Exploratory data analysis for statistical arbitrage pairs trading.

**Universe:** KO, PEP, XOM, CVX, GLD, SLV  
**Period:** 2018-01-01 to 2025-01-01

In [None]:
%matplotlib inline
import pandas as pd
import numpy as np

from sarb.data.ingest import load_yfinance_prices
from sarb.features.spread import fit_hedge_ratio, compute_spread, rolling_zscore
from sarb.stats.cointegration import engle_granger_adf_pvalue, estimate_half_life
from sarb.backtest.walkforward import walkforward_pairs_backtest
from sarb.metrics.performance import sharpe, max_drawdown, cagr
from sarb.viz.charts import (
    plot_equity_curve, plot_drawdown, plot_spread,
    plot_correlation_heatmap, plot_rolling_beta
)

## 1. Load Price Data

In [None]:
tickers = ["KO", "PEP", "XOM", "CVX", "GLD", "SLV"]
prices = load_yfinance_prices(tickers, "2018-01-01", "2025-01-01", field="Adj Close")
prices = prices.dropna(axis=1, how="any")
print(f"Shape: {prices.shape}")
prices.tail()

## 2. Normalized Price Series

In [None]:
normalized = prices / prices.iloc[0] * 100
ax = normalized.plot(figsize=(12, 5), title="Normalized Prices (base=100)")
ax.set_ylabel("Price")
ax.grid(True, alpha=0.3)
ax.legend(loc="upper left")

## 3. Return Correlation Heatmap

In [None]:
returns = prices.pct_change().dropna()
fig = plot_correlation_heatmap(returns, title="Daily Return Correlations")
fig

## 4. Spread Analysis (KO/PEP)

In [None]:
y_tkr, x_tkr = "KO", "PEP"

# Fit on first 70% of data
n_train = int(len(prices) * 0.7)
train_px = prices.iloc[:n_train]

alpha, beta = fit_hedge_ratio(train_px[y_tkr], train_px[x_tkr])
print(f"Hedge ratio: {y_tkr} = {alpha:.4f} + {beta:.4f} * {x_tkr}")

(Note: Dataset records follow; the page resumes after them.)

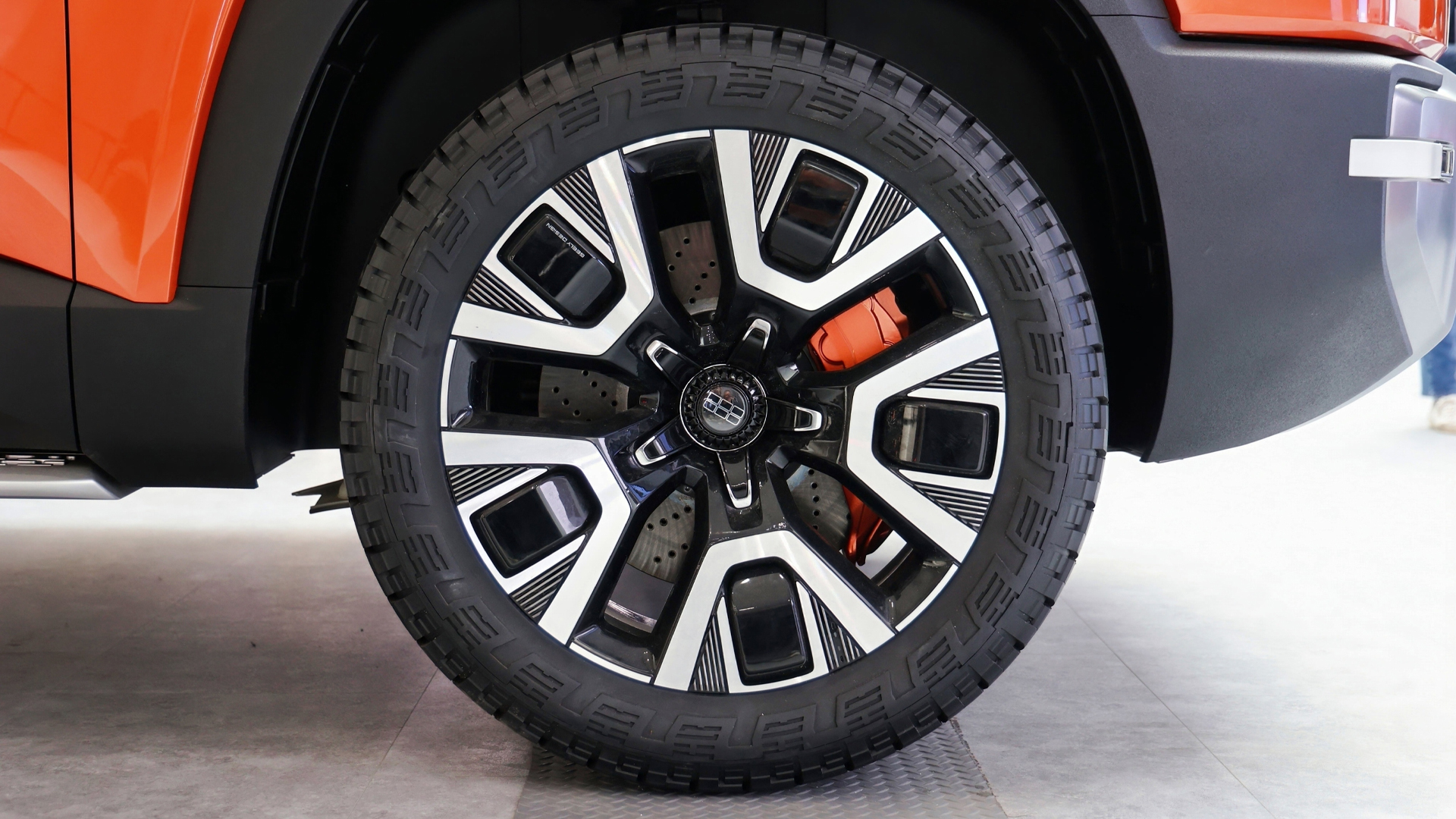 There’s no getting away from the Galaxy Cruiser’s similarities to that well-known SUV. The Land Rover Defender’s DNA is present everywhere from the clamshell bonnet to the blacked-out ‘floating’ roofline. It even gets LED headlights that look very similar to the Defender’s circular daytime running lights, not to mention the side-mounted ladder and storage pods that could have come straight from JLR’s accessories catalogue.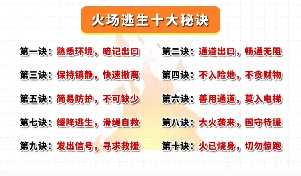 三不:1、不乘普通电梯;2、不轻易跳楼;3、不贪恋财物。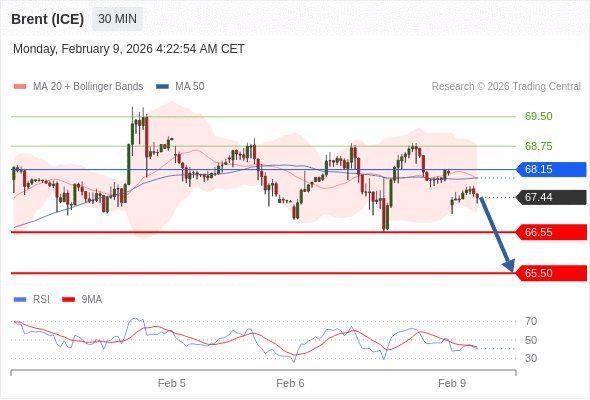 交易策略: 在 68.15 之下,看跌,目标价位为 66.55 ,然后为 65.50 。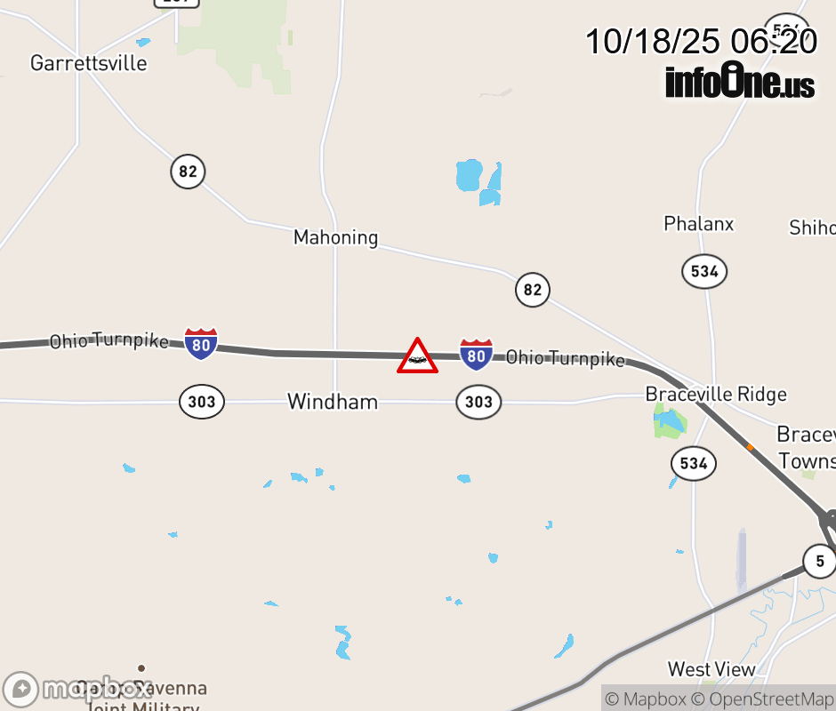 Expect lane closures on I-80 West (Ohio Turnpike) beyond SR-5, due to a crash. ![]() |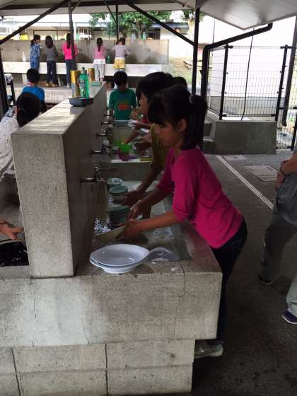 食べ終わったあとは後片付けです。これもみんなで協力して,手際よくできています。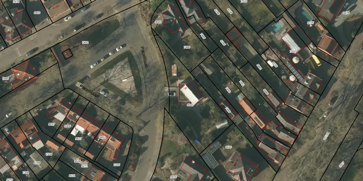Het perceel waarop Pacellilaan 38 staat heeft een oppervlakte van 970 m². Dit is een groot perceel. De perceeloppervlakte wordt geregistreerd door het Kadaster. Gedetailleerde informatie over de maten van dit perceel kunt u vinden in het rapport Kadastrale kaart met maatvoering van Pacellilaan 38.
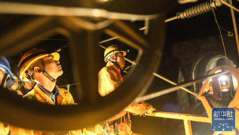 ↑1月29日,中国铁路南宁局集团有限公司接触网工在检查接触网腕臂装置与补偿滑轮的状态。新华社记者 张爱林 摄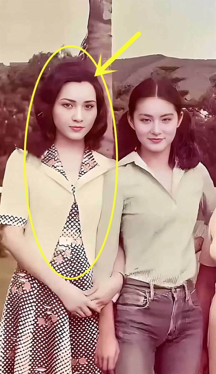 身穿淡黃色襯衫,搭配時髦印花長裙的美女,與林青霞相側而立,展現了與眾不同的高挑身姿。她的穿搭展現出了70、80年代的時尚風尚,無論是裙擺的流暢線條還是領口的設計,都恰到好處地襯托出她的高貴與雅致。與林青霞相比,雖然名氣可能不及,但她的氣質和美貌絕對不遜色,甚至在某些方面顯得更加引人注目。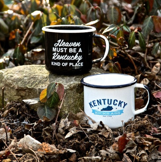 Set of 2 "Heaven Must Be A Kentucky Kind Of Place" steel enamel mugs only $32. "Heaven" design by Tim Jones. A small "Kentucky Kicks Ass" logo can be found on the inside bottom of this mug.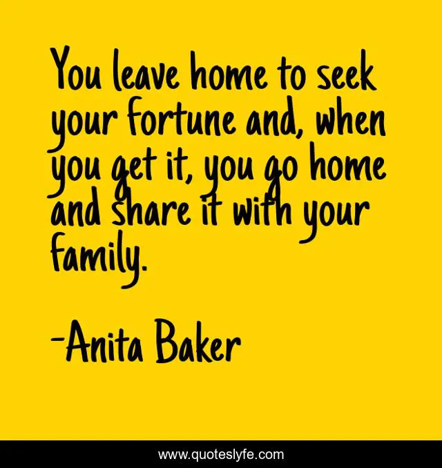This page presents the quote "You leave home to seek your fortune and, when you get it, you go home and share it with your family.". Author of this quote is Anita Baker. This quote is about home, fortune,.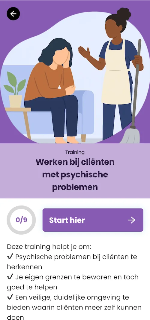 De training bestaat uit negen modules die aansluiten op de beroepspraktijk van medewerkers Huishoudelijke Hulp. Elke module bevat ook quizzen om de opgedane kennis te toetsen. De modules zijn praktijkgericht en behandelen verschillende aspecten van het werken met cliënten met psychische problemen.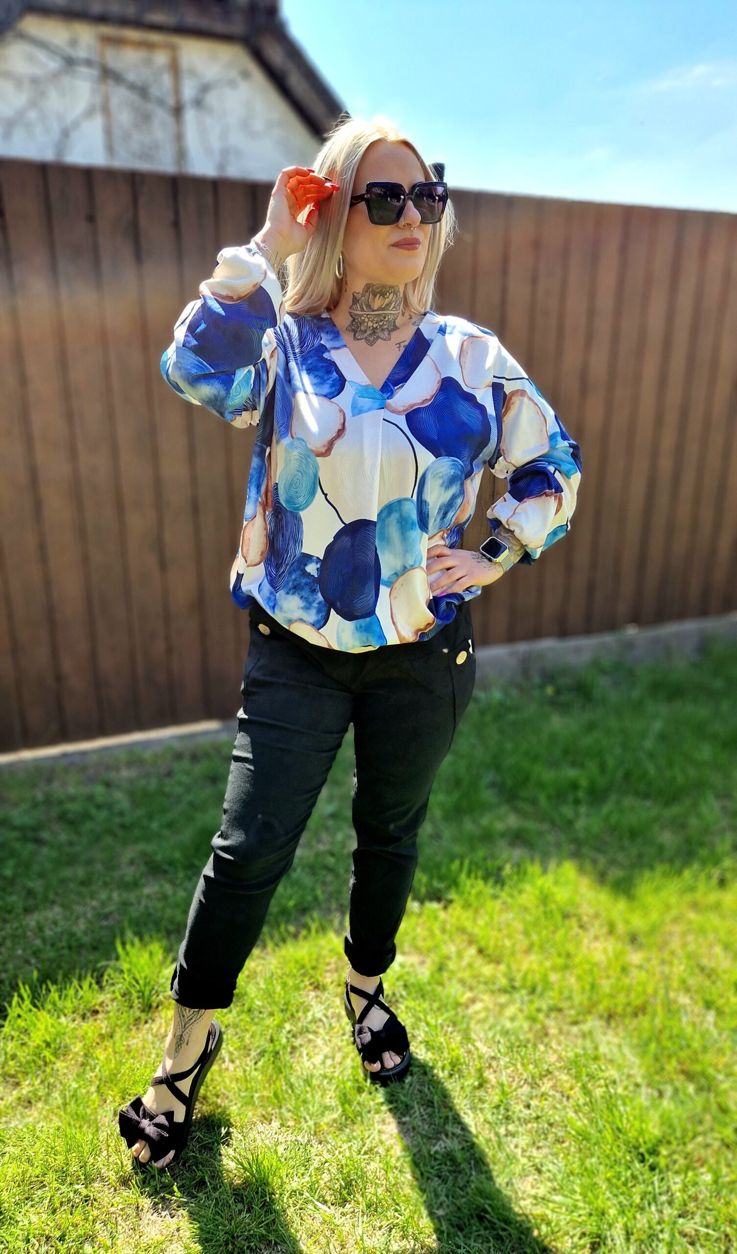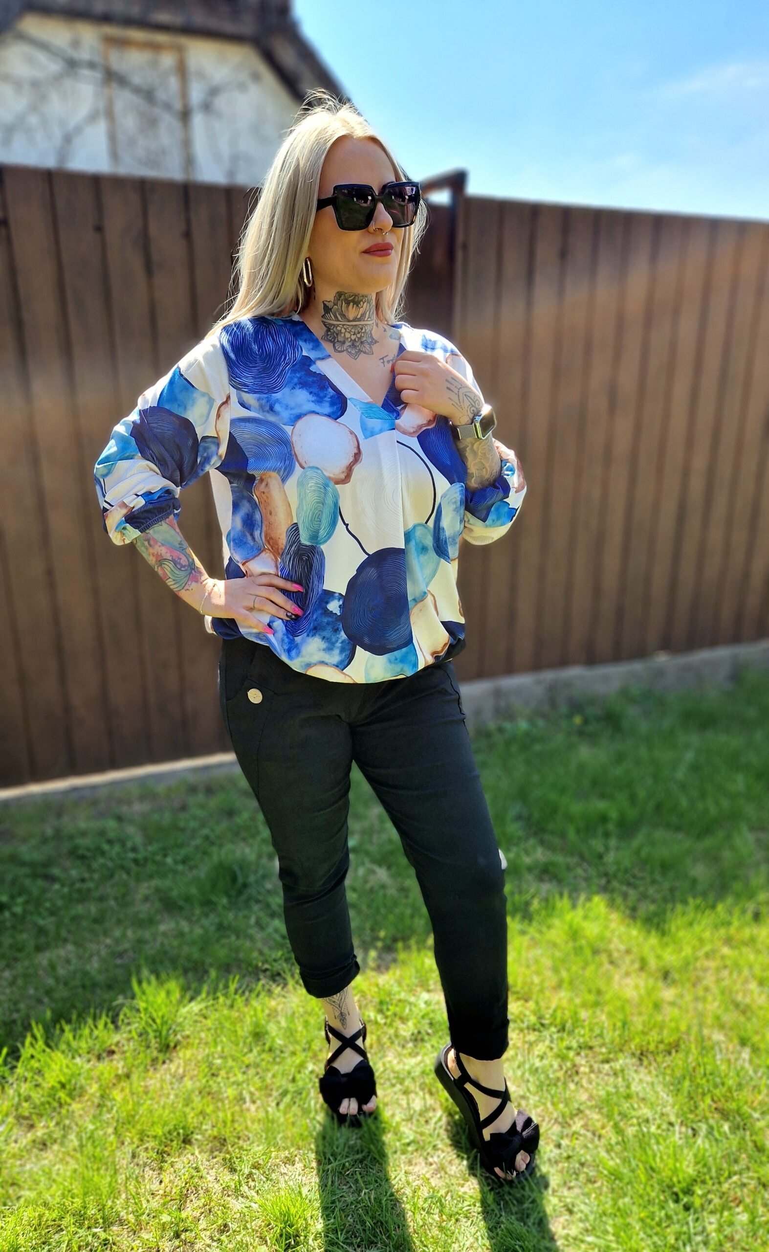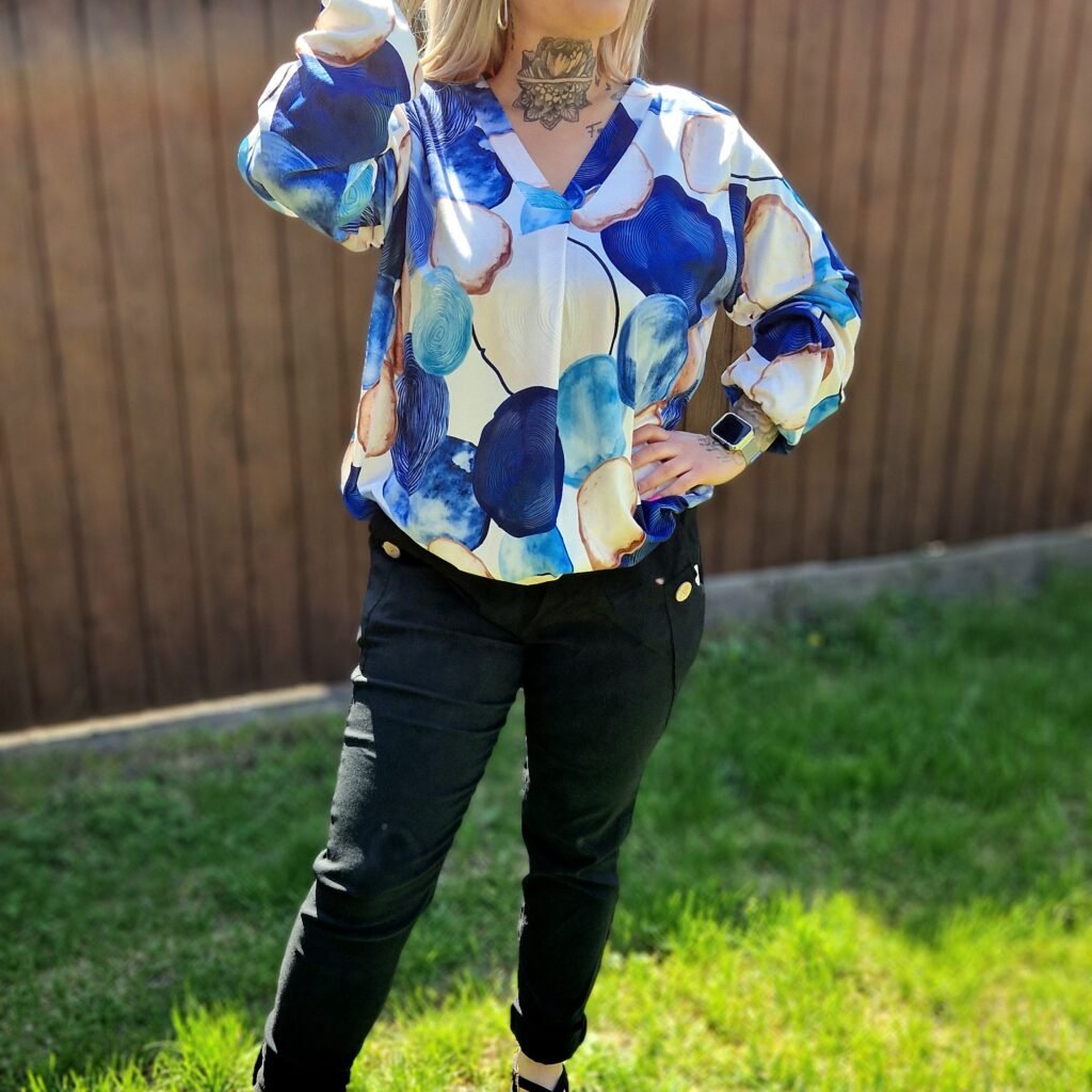A Vanda felső egy igazán nőies, friss darab kék mintával, ami könnyed és elegáns megjelenést ad. A V-nyak szépen kiemeli a dekoltázst, a gumis derékrész pedig kényelmesen illeszkedik és finoman hangsúlyozza az alakot.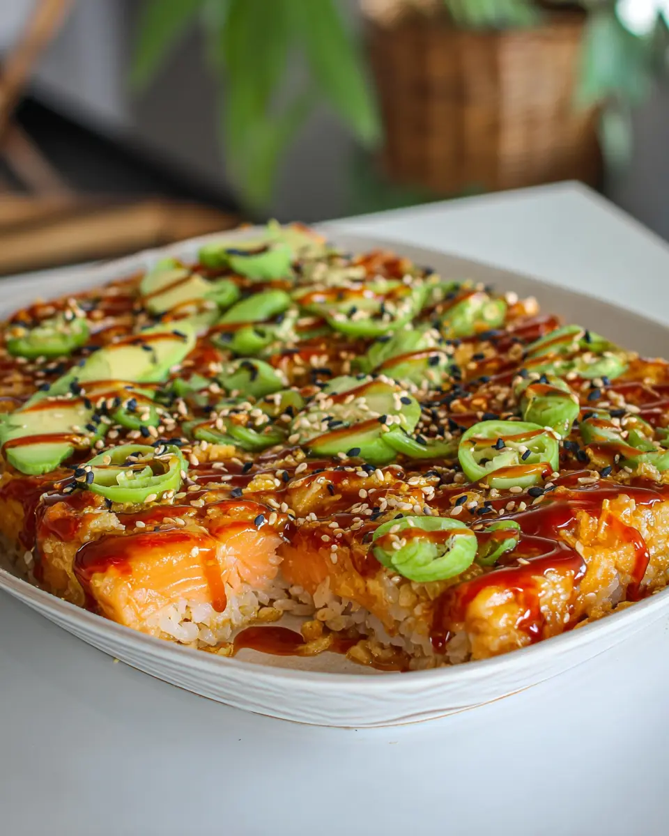 Get creative with presentation! Scoop the spicy salmon sushi bake into individual bowls for a cozy, restaurant-style experience. Alternatively, you can use lettuce leaves to create fresh lettuce wraps, adding an exciting crunch. Garnish with extra toppings like avocado slices and jalapeños for a pop of color. You could also set up a DIY station where guests can add their favorite toppings, making it a fun, interactive meal. These little touches will not only elevate the dish but also impress your friends and family.

spread = compute_spread(prices[y_tkr], prices[x_tkr], alpha, beta)
z = rolling_zscore(spread, 60)

fig = plot_spread(spread, z, entry_z=2.0, exit_z=0.5,
                  title=f"{y_tkr}/{x_tkr} Spread & Z-Score")
fig

## 5. Cointegration Diagnostics

In [None]:
import itertools

results = []
for y, x in itertools.combinations(list(prices.columns), 2):
    a, b = fit_hedge_ratio(train_px[y], train_px[x])
    sp = compute_spread(train_px[y], train_px[x], a, b)
    adf_p = engle_granger_adf_pvalue(sp)
    hl = estimate_half_life(sp)
    corr = returns[y].corr(returns[x])
    results.append({"Y": y, "X": x, "beta": b, "corr": corr,
                    "ADF_p": adf_p, "half_life": hl})

diag = pd.DataFrame(results).sort_values("ADF_p")
diag.style.format({"beta": "{:.3f}", "corr": "{:.3f}",
                    "ADF_p": "{:.4f}", "half_life": "{:.1f}"})

## 6. Walk-Forward Backtest

In [None]:
bt = walkforward_pairs_backtest(
    prices=prices[[y_tkr, x_tkr]].dropna(),
    y=y_tkr, x=x_tkr,
    train_lookback=504, z_lookback=60,
    entry_z=2.0, exit_z=0.5,
    fee_bps=1.0, slippage_bps=0.5,
)

# Test window metrics
test_bt = bt.iloc[n_train:]
r = test_bt["ret_net"]
eq = test_bt["equity"]

print(f"=== {y_tkr}/{x_tkr} Test Window ===")
print(f"Sharpe: {sharpe(r):.2f}")
print(f"Max Drawdown: {max_drawdown(eq):.2%}")
print(f"CAGR: {cagr(eq):.2%}")

In [None]:
fig = plot_equity_curve(test_bt["equity"], title=f"{y_tkr}/{x_tkr} Equity (Test)")
fig

In [None]:
fig = plot_drawdown(test_bt["equity"], title=f"{y_tkr}/{x_tkr} Drawdown (Test)")
fig

In [None]:
fig = plot_rolling_beta(bt["beta"].dropna(), title=f"{y_tkr}/{x_tkr} Rolling Hedge Ratio")
fig

## Summary

This notebook demonstrated the core pipeline:
1. **Data loading** from Yahoo Finance
2. **Correlation analysis** to identify potential pairs
3. **Spread modeling** with OLS hedge ratio and z-score normalization
4. **Cointegration testing** (ADF p-values + half-life estimation)
5. **Walk-forward backtesting** with daily parameter refit

For production research, use `scripts/scan_pairs.py` to scan a larger universe with FDR-controlled selection,
and `scripts/run_walkforward_portfolio.py` for multi-pair portfolio construction.